I agree that multi can be occasionally useful, but given how it is overhyped and extensively used, I personally think it should not be a part of Ecto at all, but instead provided as a separate library.

This seems more fair. In fact if a senior colleague pitched me on not using Multi in a project I would be amenable to it, if they wanted to roll their own using some form of transact but personally I would still include it in every project because I would prefer that to rewriting my own transactional error handling with with.


I think that’s generally not the path people follow though. People see multiple steps – insert user then log – and reach for Ecto.Multi.

Also I’d say that for your refactored case that’s exactly where with would shine.


Sorry, I don’t follow what you’re saying here.

The stock Elixir tool for chaining multiple operations and return on first error is with. I prefer to use that instead of some custom library mechanism.

Yes, and I’m not returning it from vanilla Elixir. Multi OTOH requires you to return something in each step. It could be nil, I guess, but IME that’s confusing, because we end up with named things which are always nil.

If there’s an error inserting the user, this code will commit and return {:ok, {:error, changeset}}. This is how transaction + fun work, and it’s specifically what transact changes (by wrapping transaction).

Furthermore, the case version is noisy even in such a simple example, and it becomes progressively worse when you want to chain multiple operations, exiting early on some (but not all) of them. IIRC, this is precisely why with was introduced to the language.
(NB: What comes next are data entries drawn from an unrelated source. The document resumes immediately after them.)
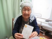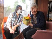 綺麗なお花やお孫さんの写真をもらって喜んでいらっしゃいました。
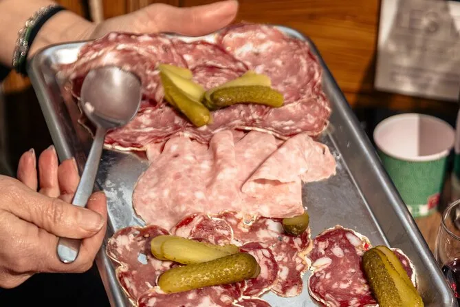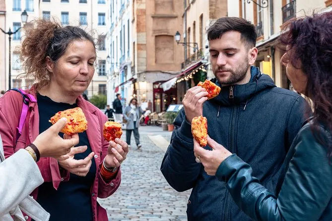 Sua noite inclui água em todas as paradas, generosas degustações de especialidades regionais (suficiente para uma refeição completa em quatro locais), pelo menos uma bebida alcoólica para adultos, como vinho local ou digestivo, além de histórias animadas do guia enquanto exploram juntos os cantinhos mais charmosos de Vieux Lyon.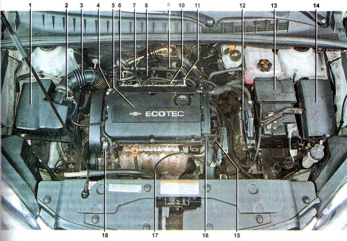Расположение основных элементов системы управления двигателем: 1 — воздушный фильтр; 2 — датчик температуры воздуха на впуске; 3 — воздухоподводящий патрубок; 4 - клапан изменения фаз распределительного вала впускных клапанов; 5 — модуль зажигания и свечи зажигания (под накладкой); 6 — шланг подачи топлива; 7 — клапан продувки адсорбера; 8 — впускной трубопровод; 9 — датчик абсолютного давления во впускном трубопроводе; 10 — топливная рампа с форсунками; 11 — штуцер для проверки давления в системе подачи топлива; 12 — электронный блок управления двигателем (ЭБУ); 13 — аккумуляторная батарея; 14 — блок предохранителей и реле; 15 — нагреватель термостата; 16 — датчик положения распределительного вала выпускных клапанов; 17 — датчик концентрации кислорода управляющий; 18 — датчик положения распределительного вала выпускных клапанов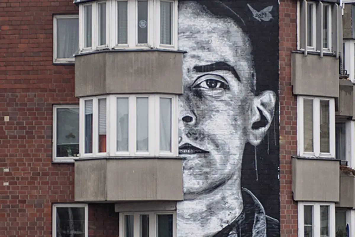 An der Fassade eines Mietshauses in der Bülowstraße 94 zeigt ein Wandbild Walter Degen, einen Mann, der während der NS-Zeit aufgrund seiner Identität verfolgt wurde. Es ist ein eindringliches Denkmal für jene, die einst zum Schweigen gebracht wurden.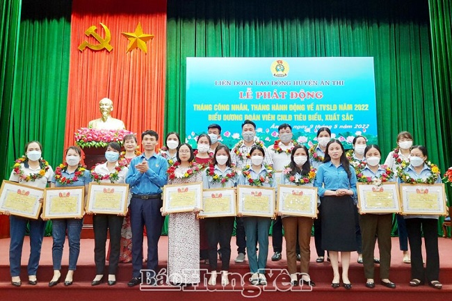 Liên đoàn Lao động huyện Ân Thi biểu dương người lao động tiêu biểu, xuất sắc tại lễphát động “Tháng công nhân” và “Tháng hành động về an toàn, vệ sinh lao động” năm 2022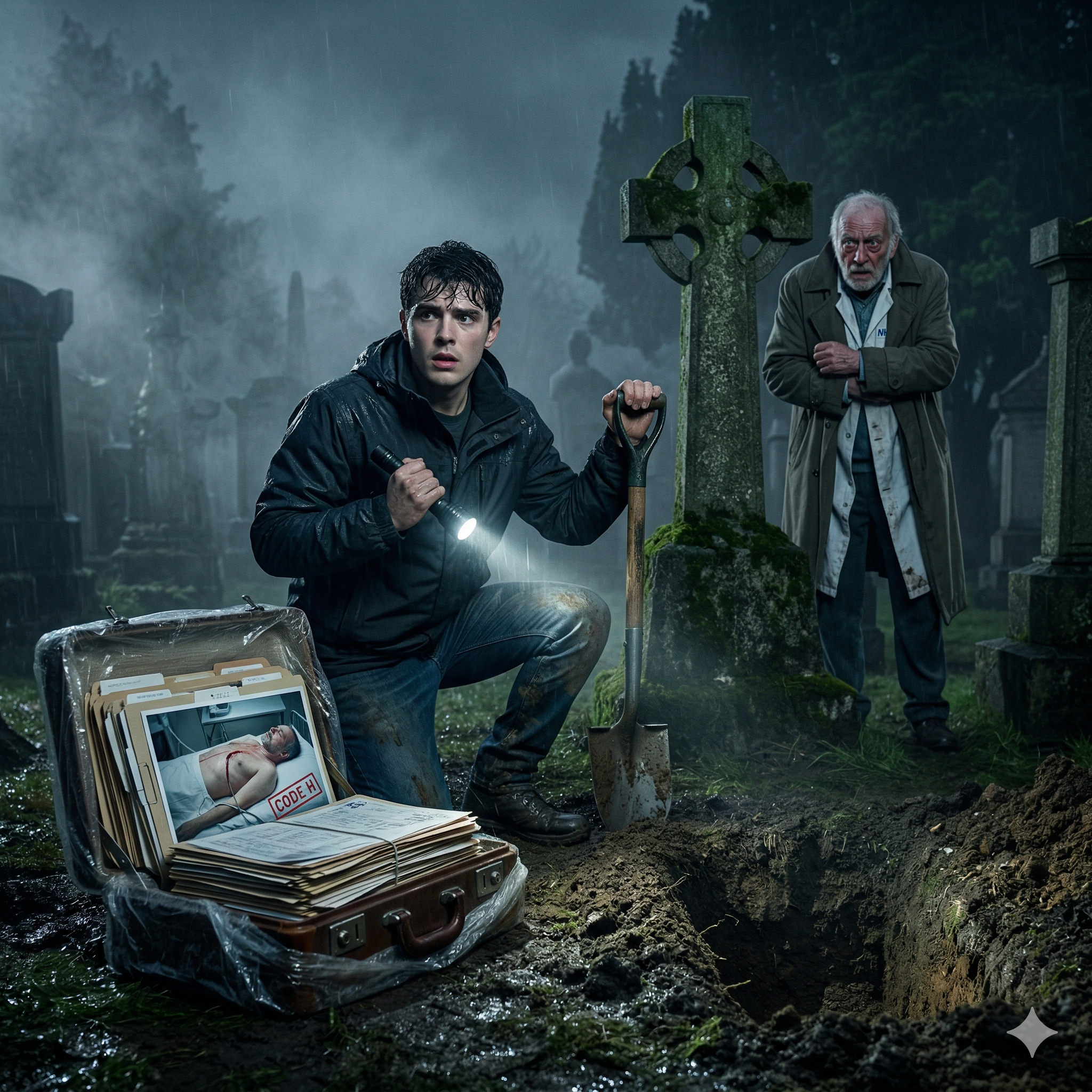 I sat back on my heels, the Glasgow drizzle blurring my vision. Someone had dug up my father’s grave, checked the coffin, and then… buried it again? No. The mound was higher than before. There was more dirt here than there should be.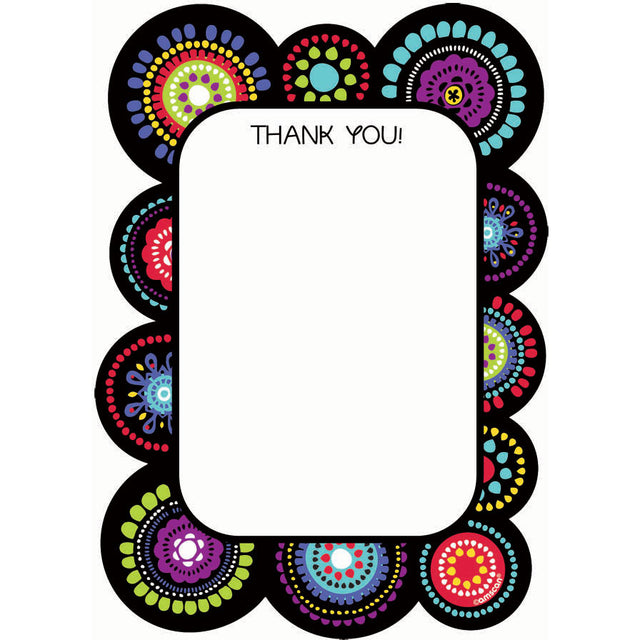 Thank friends and family for attending your birthday party or other celebration using our Graphic Fun Thank You Notes! Each thank you note measures 5.25'' x 4'' and features the message "Thank You!" in black writing against a white background bordered with black scalloped edging decorated with brightly colored circles and designs. 20 thank you notes and white envelopes are included per package.
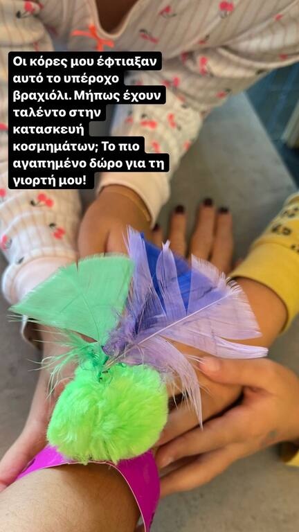 Πιο συγκεκριμένα, οι κόρες της, Νάγια και Μαίρη, της έφτιαξαν ένα χειροποίητο βραχιόλι και η περήφανη μαμά θέλησε να το μοιραστεί με τους ακολούθους στο Instagram. Η ίδια ανέβασε σχετικό Instagram story, όπου γράφει χαρακτηριστικά:
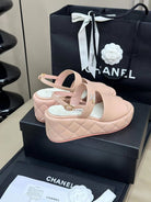 CC HIGH WEDGE SANDALS IN LIGHT PINK LAMBSKIN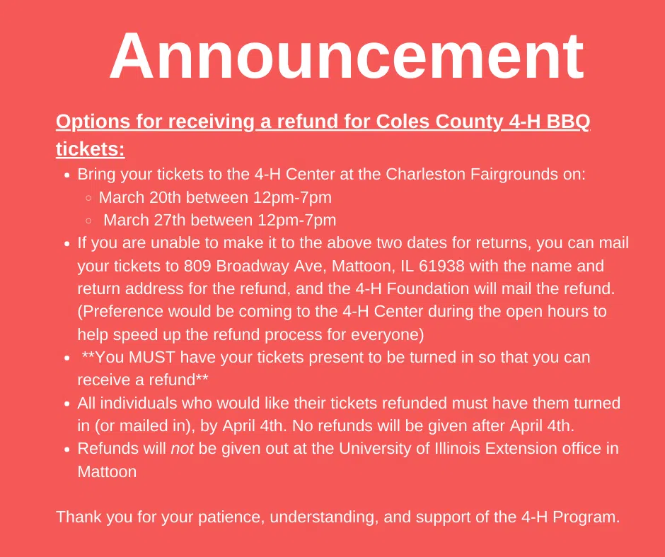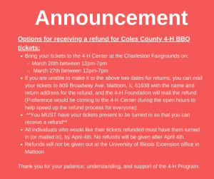 The Coles County 4-H BBQ scheduled for April 4, 2020 has been cancelled. Here is how you can obtain a refund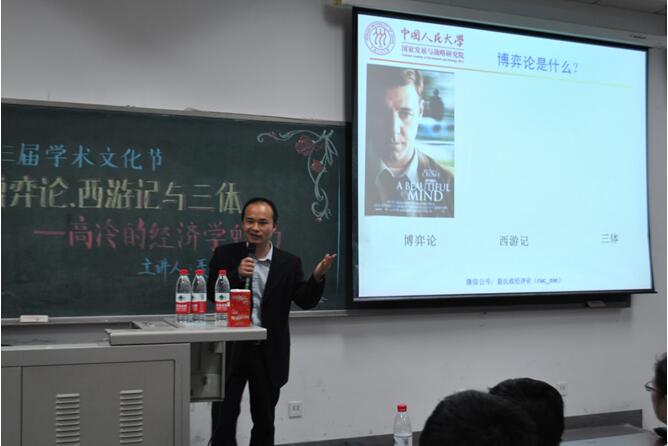 2016年5月4日星期三,在350vip浦京集团官网沙河校区主教305教室开展了“博弈论、西游记与三体—高冷的经济学魅力”的讲座。主讲人是中国人民大学经济学博士,美国哈佛大学经济学系博士后聂辉华教授。出席此次讲座的有350vip浦京集团官网党总支副书记谭小芬教授和团总支书记李菊,同学们对本次讲座充满兴趣,教室里座无虚席。

Sorry, no idea what this means. What is being rewritten?

I agree. Given its API, multi pushes folks to uncritically return non-actionable errors, in the places where they should raise. I’ve seen way too much of such code.


Another thing is, as was mentioned previously, sometimes it is nice that steps are named but what tends to happen is the call and the error handling is separated:

|> Ecto.Multi.insert(:step1, ...)
|>, ...)
|> Ecto.Repo.transaction(...)
|> case do
  {:ok, ..., ..., ...} ->
    {:ok, ...}

  {:error, :step1, changeset, ...} ->
    {:error, ...}

  {:error, :step2, changeset, ...} ->
    {:error, ...}

or worse yet, it is the caller that has to do such case.

This is akin to the usage of with/1 that I’m definitely not a fan of either:

with {:step1, ...} <- {:step1, ...},
     {:step2, ...} <- ... do
  {:step1, {:error, _}} ->
    {:error, ...}

  {:step1, {:error, _}} ->
    {:error, ...}

In my experience it’s much better to have a simpler with even if the logic of each steps is
somewhat tricky we can safely tuck it away in a private function:

with {:ok, ...} <- private_function_1(),
     {:ok, ...} <- private_function_2() do
  {:ok, ...}

and it fits very well with Repo.transact.

Btw, a friendly reminder that from the Ecto README (emphasis mine)

Ecto is a toolkit for data mapping and language integrated query for Elixir.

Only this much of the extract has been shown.